The reason you may want to exclude the information and make your factor resemble a normal distribution is that the normal distribution has some nice qualities for instance if you want to use the weighting of the factor as an input in the position sizing of the bets.
To summarize, you likely need to apply case/factor/domain specific knowledge to determine whether you let outliers stay in or out (or diminish their influence) making some sensible choices depending on the specific problem at hand and whether the information the outlier provides is important for your specific purpose.

Hi Bjarke,

Great post. It does a good job illustrating the thought process that I think a researcher should use when looking at outliers. It also shows the value of having a fundamental understanding of what you are trying to model in addition to solid quantitative skills.

Hi everyone,

So I have done quite lot of work in factor analysis lately. My first step was to create a dataframe which is close to the ouput of "get_clean_factor_and_forward_returns" with the difference that it take the output of a pipeline as input (instead of a factor dataframe) and can handle multiple factors. The list of factor is pass using a list containing the pipeline column names one want to put. It return a dataframe very similare that the Alphalens usual one, but the column factor and factor_quantiles have different names for each factor. Then a small utility all to get back the usual data used by alphalens.

Might be useful, lol dont know... Sorry I will not share the data analysis tools which take this data as input (I might create a fork of Alphalens to include those tools in a far far future)

Happy hacking :-)

Loading notebook preview...
Notebook previews are currently unavailable.

Hey David,

Take a look at these two threads on Github. It may be of some interest to you, and it would be great if you had ideas to contribute!

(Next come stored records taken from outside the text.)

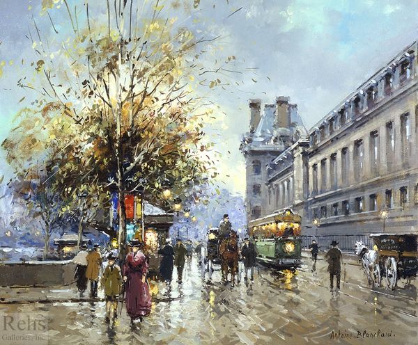 Curator: The artwork before us captures a slice of Parisian life. It’s titled "Porte St. Denis" and is attributed to Antoine Blanchard. Immediately, I’m struck by the luminescence that permeates the scene despite the grey palette. Editor: There's a distinct atmosphere, isn't there? A hazy, wet quality… it evokes the sensory experience of a city street. You can almost feel the dampness radiating off the canvas. Look at the reflections. Curator: Note how Blanchard uses distinct, broken brushstrokes, an application technique that enhances the city's vibrancy and evokes light interacting with water on the pavements. This technique certainly plays with the concepts of impressionism and optical mixing. Editor: The cobblestones look slick and realistically treacherous. What sort of pigments do you think Blanchard was favoring for these wet textures? Was he experimenting with new mediums to achieve that almost slick-like feeling? The physical production itself seems paramount here. Curator: Observe how the artist arranges figures. Note the clear delineation of space – buildings providing the backdrop and framing, people traversing the foreground, all constructing this pictorial field. It's masterfully balanced. Editor: Beyond compositional mastery, there’s also that interplay between man and machine in the age of industrialisation. The trams, the horse-drawn carriages... This is a Parisian snapshot of a society wrestling with evolving methods of transit. What kind of work went into crafting this cityscape? The buildings hint at the immense amounts of labor that would have been needed for the quarries and trades that came together. Curator: Indeed, these motifs point towards progress while the hazy ambience reminds us of time. Each constituent brings depth to its symbolism. It feels rich and immersive. Editor: A study in textures, social histories, and industrial change rendered beautifully with tactile presence on this canvas. Curator: An artistic convergence between feeling and form and a perfect note on which to conclude our time here. Editor: Precisely, a reminder of the labor of rendering city life both pictorially and historically.
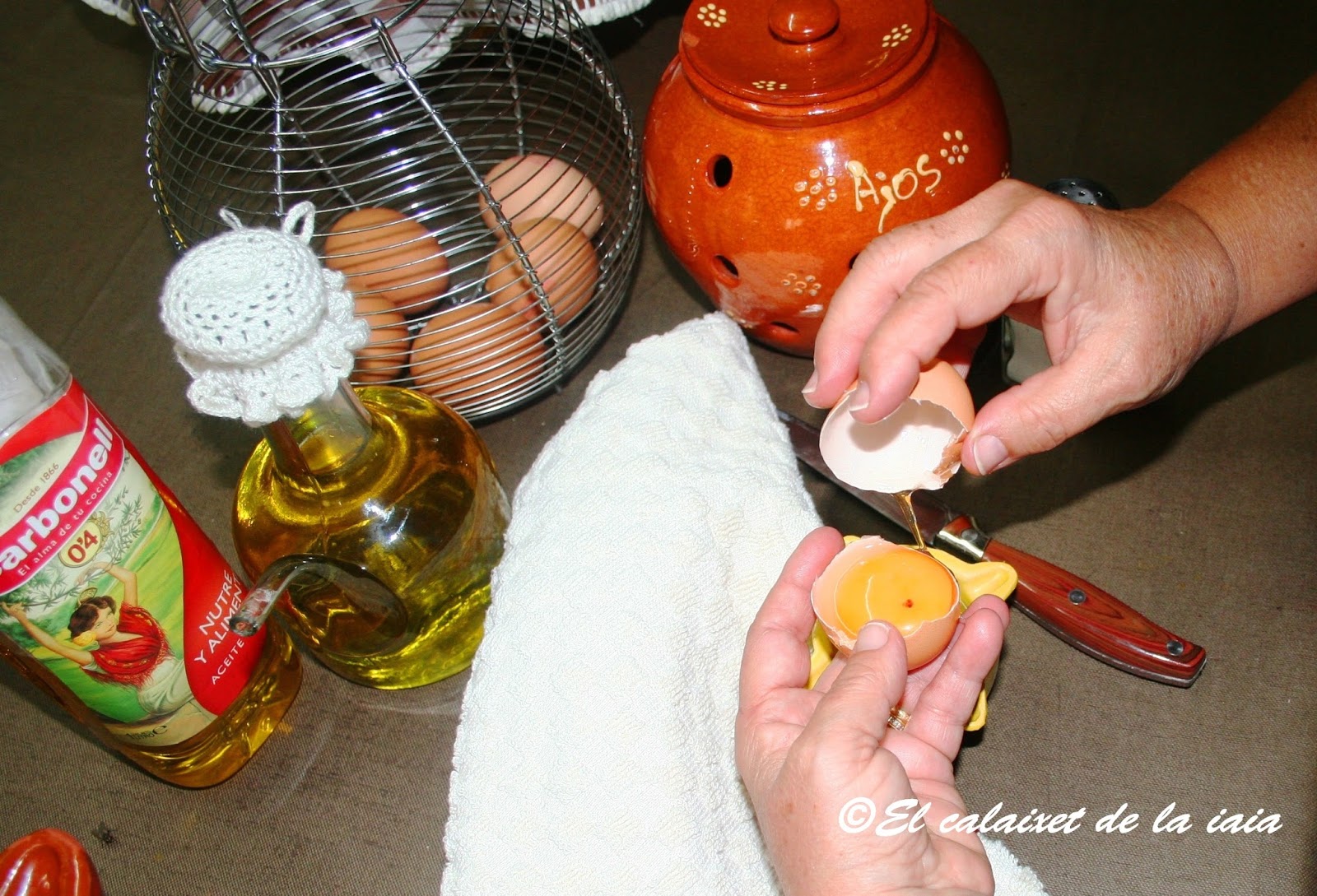 Edito esta entrada unos cuantitos años despues, ya que eso del huevo crudo en tortillas, mayonesas y all i oli, me preocupaba muuucho por la salmonella y he de deciros que he dado con la solución y más fácil y sencilla, no puede ser. Aquí lo tenéis explicado paso a paso https://elcalaixetdelaiaia.es/?p=26327
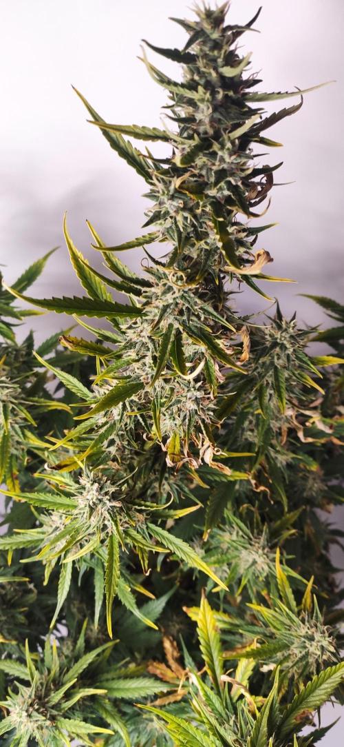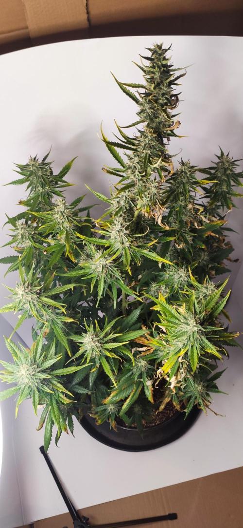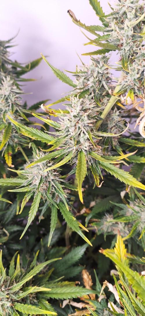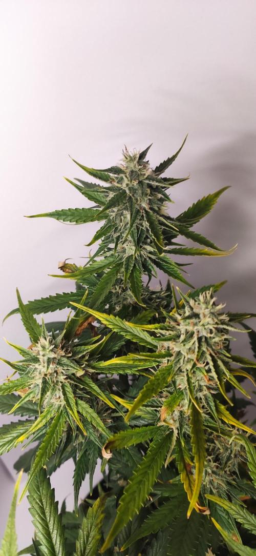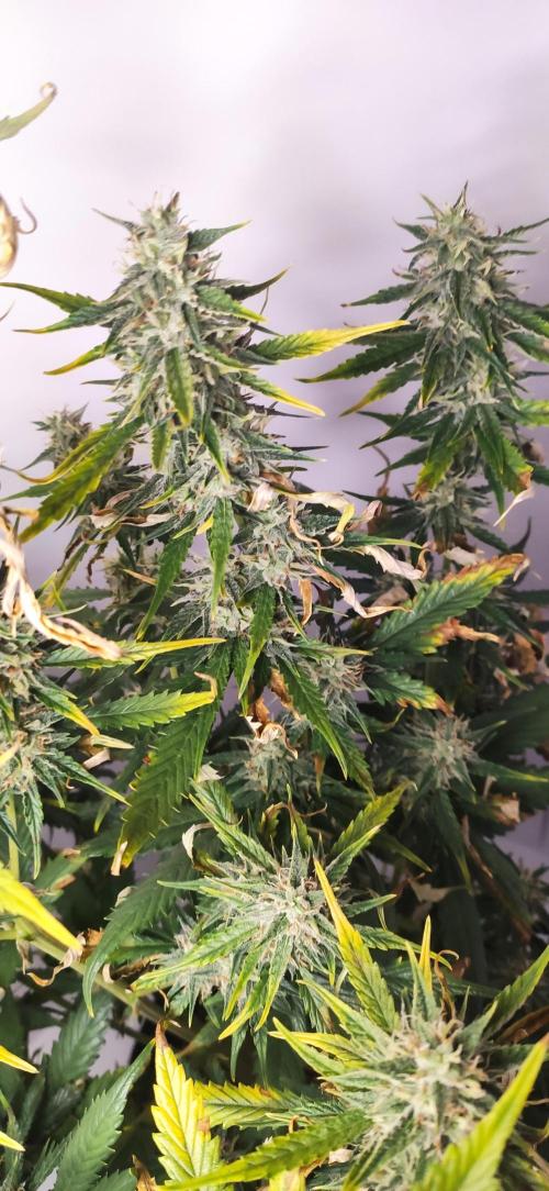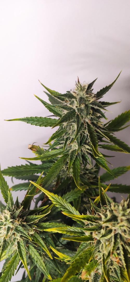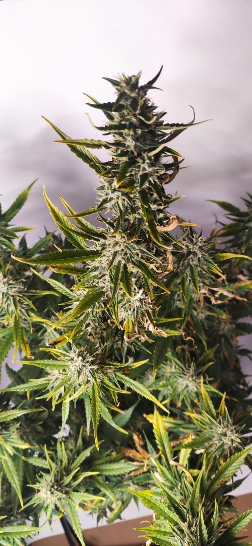 Mariejohanna Die kleine lässt auf sich warten :D Nein alles gut wie man sehen kann gute Entwicklung der Blüten. Müsste den Main Bud leider ein bisschen auf die Seite legen zwecks der Lichtverteilung. Hat die kleine aber dankbar angenommen.
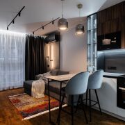 Квартира в идеальном состоянии, доступна к просмотру и заселению! 2-комнатная квартира-студия с дизайнерским ремонтом, которая находится на 6-м этаже по адресу: ул. Аэродромная 26А Дом 2022 года постройки. Общая площадь квартиры 42,1 м2. Преимущества: - Ремонт делали для себя из высококачественных материалов - Вдохновляющий вид из панорамных окон - Двухкамерные стеклопакеты - Премиальная сантехника, бытовая техника, мебель и электрика
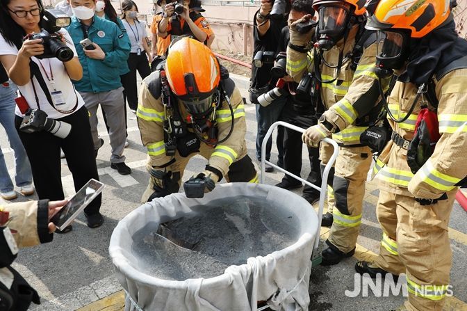 이와 관련해 서울소방재난본부는 10월 1일 노원구 상계마들 재건축 예정 아파트에서 전기 이륜차·개인형 이동장치 등 리튬이온 배터리 화재 위험성을 알리기 위해 실내 충전을 가정한 실물 화재 실험을 진행했다.

There is a development branch called "factors_interactions" in the Alphalens GitHub repository. The idea for this branch was to add functionality to Alphalens to aid in the analysis of how multiple factors combine and interact with each other (which would be a nice complement to the current functionality which helps analyze the predictive ability of a single alpha factor). I haven't pushed any commits recently. However, I have been doing some work in the research environment to brainstorm ideas on what I would like to add. I will probably share more on this in the near future, but I showed a little bit of the work in this post.

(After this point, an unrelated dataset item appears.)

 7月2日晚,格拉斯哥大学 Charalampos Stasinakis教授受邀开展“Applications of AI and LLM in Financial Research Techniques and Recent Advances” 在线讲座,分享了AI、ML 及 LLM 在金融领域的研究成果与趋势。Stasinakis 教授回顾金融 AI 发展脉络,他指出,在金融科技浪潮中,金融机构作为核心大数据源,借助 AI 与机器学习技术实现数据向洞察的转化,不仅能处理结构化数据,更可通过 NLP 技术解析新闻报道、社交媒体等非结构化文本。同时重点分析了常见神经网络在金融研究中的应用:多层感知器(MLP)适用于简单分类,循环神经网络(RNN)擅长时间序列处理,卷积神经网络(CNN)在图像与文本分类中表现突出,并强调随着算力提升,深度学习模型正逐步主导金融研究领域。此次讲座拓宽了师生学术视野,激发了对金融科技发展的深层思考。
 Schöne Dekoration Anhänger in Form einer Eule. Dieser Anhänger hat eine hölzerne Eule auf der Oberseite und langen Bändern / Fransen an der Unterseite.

I had seen the branch :-). Look not so active lately :-)

Currently I am more focused on ranking the factors. My goal is to create a large factor library (now I am around 250) then rank them for each groups (I have grouped thing by sector, but also by other metrics).

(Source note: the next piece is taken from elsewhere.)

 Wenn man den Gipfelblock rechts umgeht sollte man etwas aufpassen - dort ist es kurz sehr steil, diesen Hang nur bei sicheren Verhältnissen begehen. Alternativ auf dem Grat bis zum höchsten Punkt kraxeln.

About your post, on factor combination:
I really like the figue "Evaluate Correlation between Factor Values", an idea to make it even better:
Instead of plotting the point with the same color, one could plot them with a color map to the returns... or a plot in 3d. All the thing is to try to figure out if 2 factor worst to be combined.

Hi,
I'm just working through create_full_tear_sheet output, and am confused about the very first output it gives, labelled "Quantiles Statistics"... what are these the statistics of? I originally assumed they were the returns for the factor_quantile over the forward evaluation period, but they are not. The values for the means in this table are not the same as the first graph, labelled "Mean Period Wise Returns by Factor Quantile".
I have had a good search through the docs and videos, but can't seem to see any discussion of what the very first table actually represents... any ideas?
Cheers,
Bruce

Hi Bruce,

The Quantiles statistics are describing the actual factor values themselves. For example, if you were using a price-to-earnings factor, the mean in that table would be the average of the price to earnings ratios of the stocks grouped by quantile.

Mike

Is there a way to use Alphalens with factors such as economic indicators which are not assigned to each individual stock?